Evaluation of the complexity of escape routes inside the buildings

Abstract

In emergency situations involving large buildings, such as public buildings and offices, it is important that the main escape routes are
correctly signalised. In these situations, a large number of people must flow easily even in highly articulated environments. It is
therefore necessary to identify the less complicated paths to follow in order to ensure a fast and efficient evacuation of people. The
ways in which a person is able to move within the environment are strongly influenced by the space he is able to see in front of himself.
The architectural configuration of buildings and the location of some objects in space can cause visibility problems, affecting the
perception of the paths through which it is possible to navigate. Different methods have been analysed to identify the visible space
from a certain point of view, by linking the user's perception with the surrounding environment.
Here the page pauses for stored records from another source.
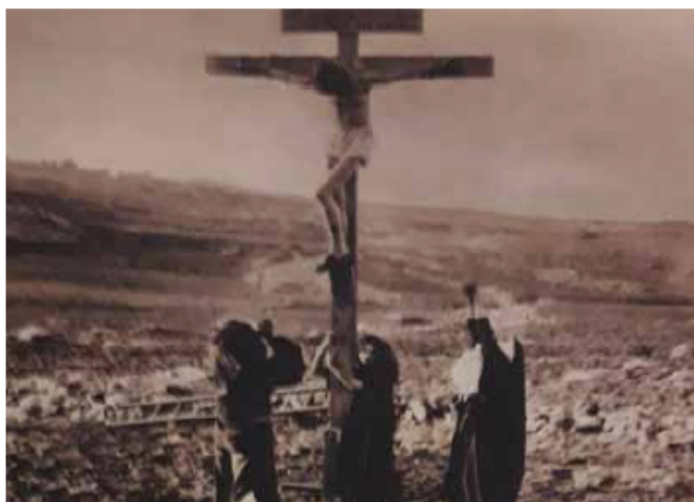
Stumfilmen "The life and passion of Christ" från 1900-talets början är en klassiker.

Till en början gjorde jag mig bekant med innehållet i boken The Music of the Silent Movies (Wise Publications, 2015). Här finns mycket repertoar och intressant information att ta till sig. På nätet (särskilt www.imslp.org ) fanns det också användbart notmaterial att ladda ner gratis.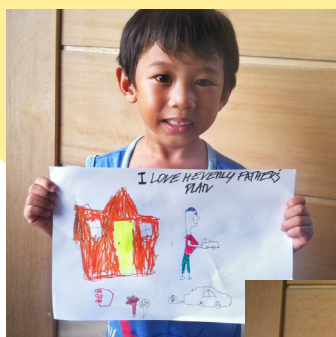
"Jag älskar min himmelske Faders plan", av Irreantum D. och "Jag vill dela med mig av evangeliet till alla", av Verlann T., Luzon, Filippinerna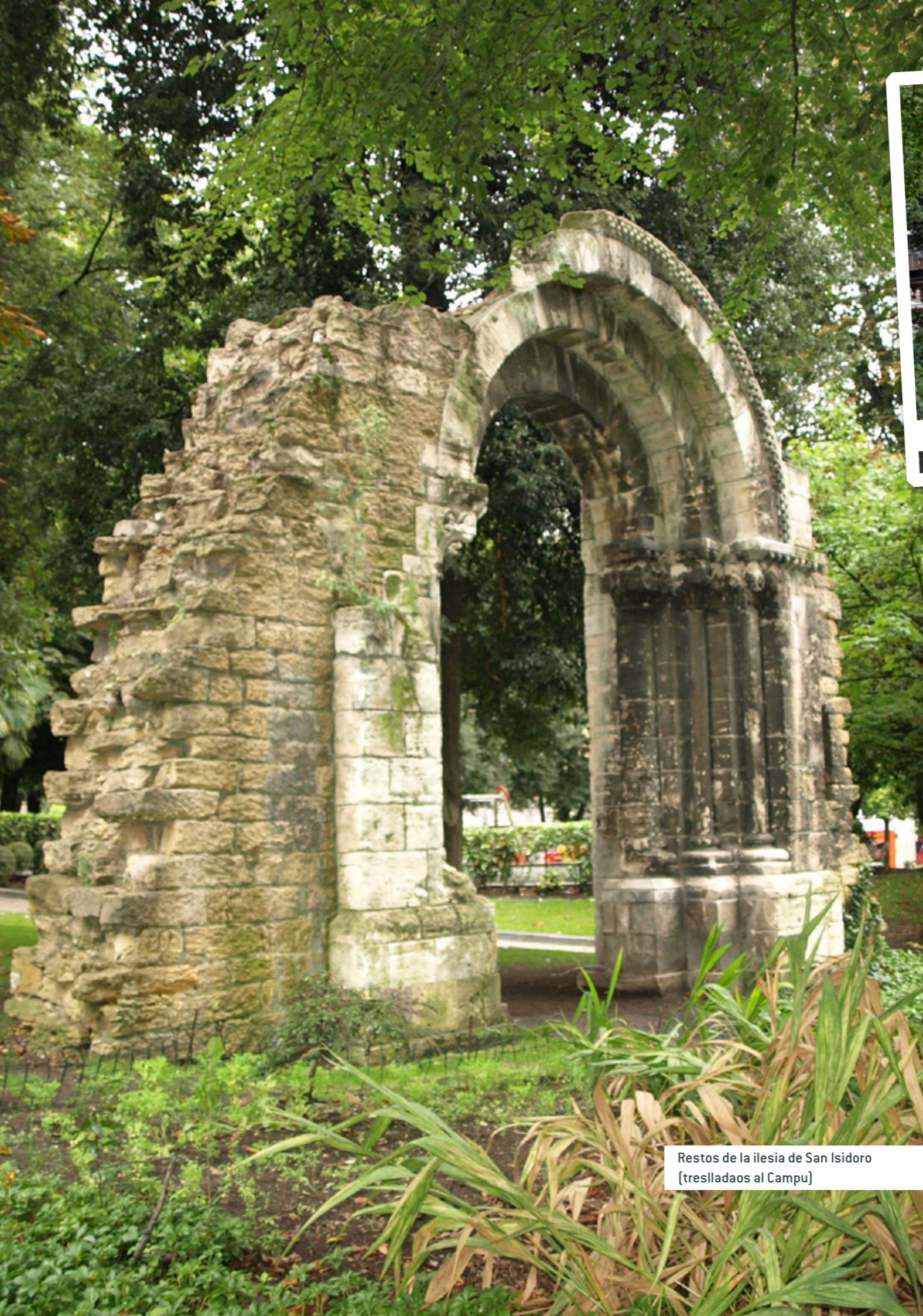
Restos de la ilesia de San Isidoro (treslladaos al Campu)

In particular, in the field of space
syntax and cognitive science, attempts were made to describe the characteristics of an environment through the approaches of isovists
and the visibility graphs, which allow to calculate numerical properties of the environment as it is perceived by a certain person.
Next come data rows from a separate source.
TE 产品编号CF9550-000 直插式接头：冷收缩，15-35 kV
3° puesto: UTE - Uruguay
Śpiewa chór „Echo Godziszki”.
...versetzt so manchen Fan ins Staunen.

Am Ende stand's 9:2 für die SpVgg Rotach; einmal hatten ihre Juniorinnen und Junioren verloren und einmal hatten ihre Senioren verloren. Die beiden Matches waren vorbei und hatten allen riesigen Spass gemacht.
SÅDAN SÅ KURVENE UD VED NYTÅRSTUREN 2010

However, many of these studies are aimed at a two-dimensional environment analysis, or do not take into account a possible dynamic
configuration of the motion. This contribution proposes a method for quantitatively assessing the complexity of a known pathway in a
building represented by a three-dimensional point cloud, through the combined use of isovists and visibility graphs techniques. The so
extracted numerical descriptors are used to identify what could be the most easily accessible escape routes in emergency situations.